FCA Launches Major Review of Motor Finance Practices

Motor finance claims have long been a hot topic for law firms who have been awaiting the outcome of several Ombudsman (FOS) decisions which in turn would prompt a further review of the industry practice by the Financial Conduct Authority (FCA).

Last week the FCA confirmed that they have commenced a comprehensive review to enable them to determine possible compensation owed to individuals who have been charged excessively for motor finance before the ban of discretionary interest commission models in 2021. This investigation comes following many motor finance companies unjustly rejecting potentially valid claims against the lenders. The amount of compensation that individuals might receive will depend on various factors, including the cost of the vehicle, the applied interest rate, and the contract duration. It’s been quoted that a claimant could receive anything up to £3,000 per claim and due to the nature of PCP agreements, it is likely that the claimant will have more than one.
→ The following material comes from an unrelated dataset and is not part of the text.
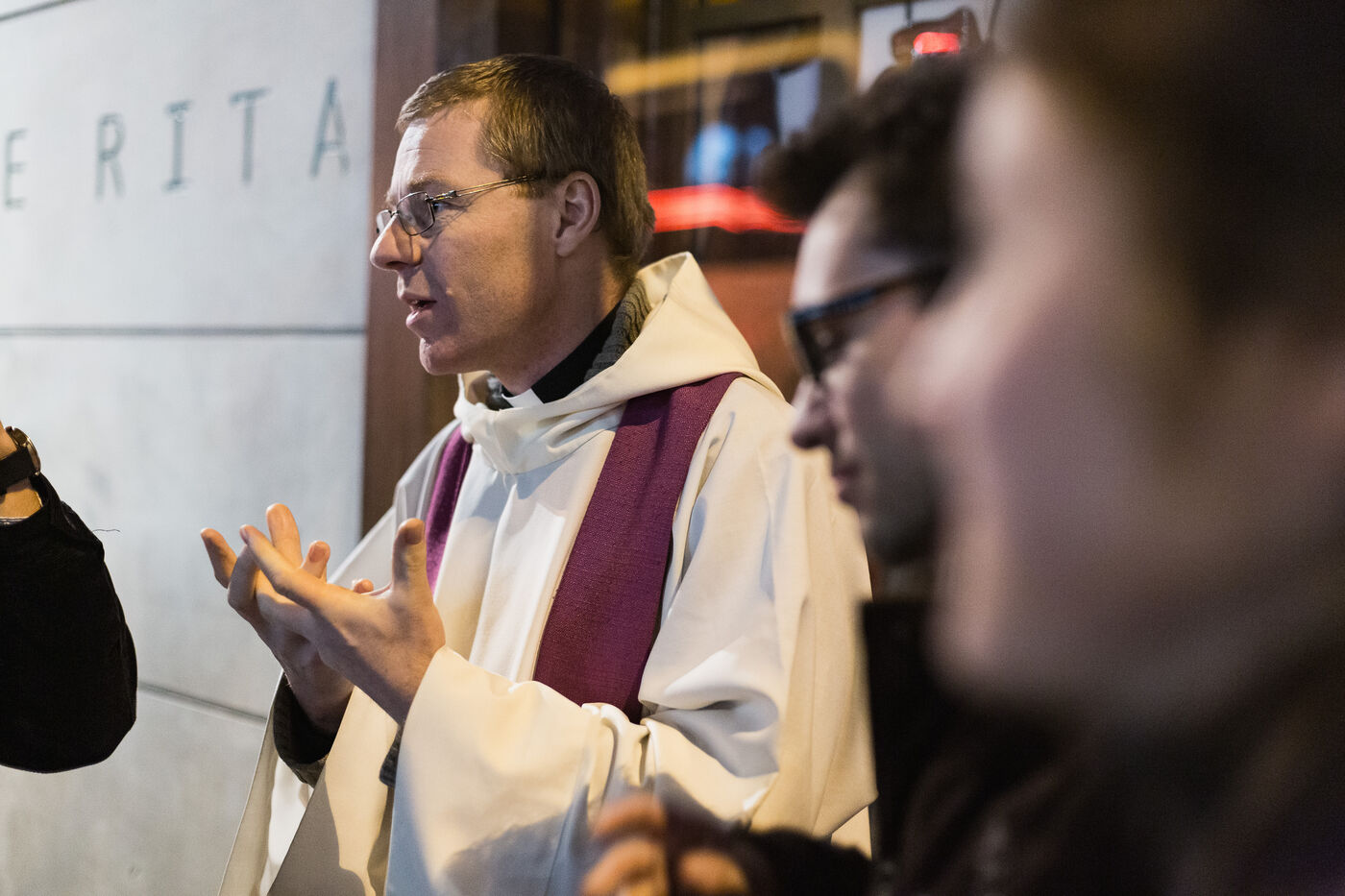 Soirée de prière à la Chapelle Sainte Rita et évangélisation Boulevard de Clichy à Paris.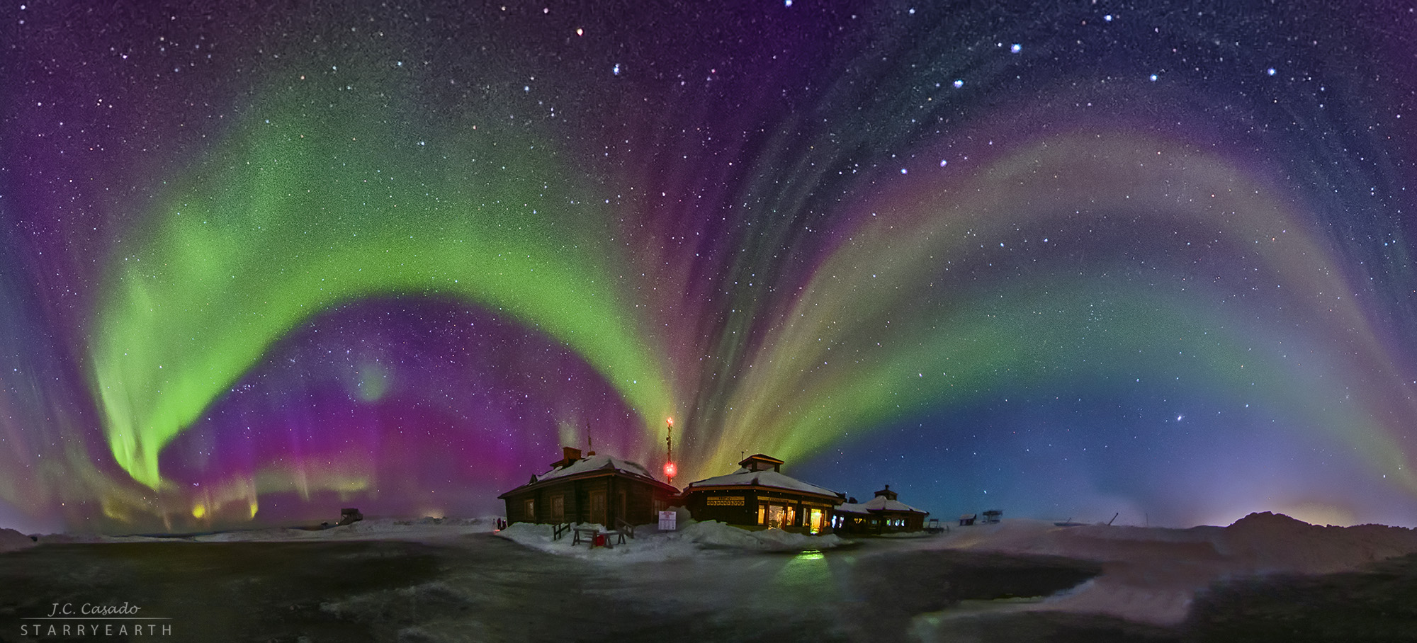 La primavera en el hemisferio norte es una buena temporada para los cazadores de auroras. Cerca de un equinoccio, el campo magnético terrestre está orientado para favorecer las interacciones con el viento solar que provocan el atractivo brillo de las auroras boreales. El 28/29 de marzo, los cielos sobre la colina de Kaunispää, en Laplandia, Finlandia, no decepcionaron. Las amplias cortinas aurorales de esa noche se capturan en esta impresionante vista panorámica que abarca un total de 360 grados. Los observadores locales quedaron maravillados por las brillantes exhibiciones que duraron durante toda la oscuridad, titilando con colores fácilmente visibles a simple vista.

Those with a motor finance agreement held over the past few years might have incurred higher costs due to undisclosed commissions charged by their lender or the dealer - it is this practice that the FCA are now going to investigate fully, to ensure consumers are treated fairly. In order to allow them to do this thoroughly, the FCA has temporarily paused the deadline that motor finance firms have to respond to complaints regarding discretionary commission, this pause is likely to be lifted in September 2024.

The FCA’s decision to investigate is welcomed by Claimant Firms and the consumers they represent as it is a pivotal move against lenders and brokers who have been manipulating interest rates in order to inflate their commissions.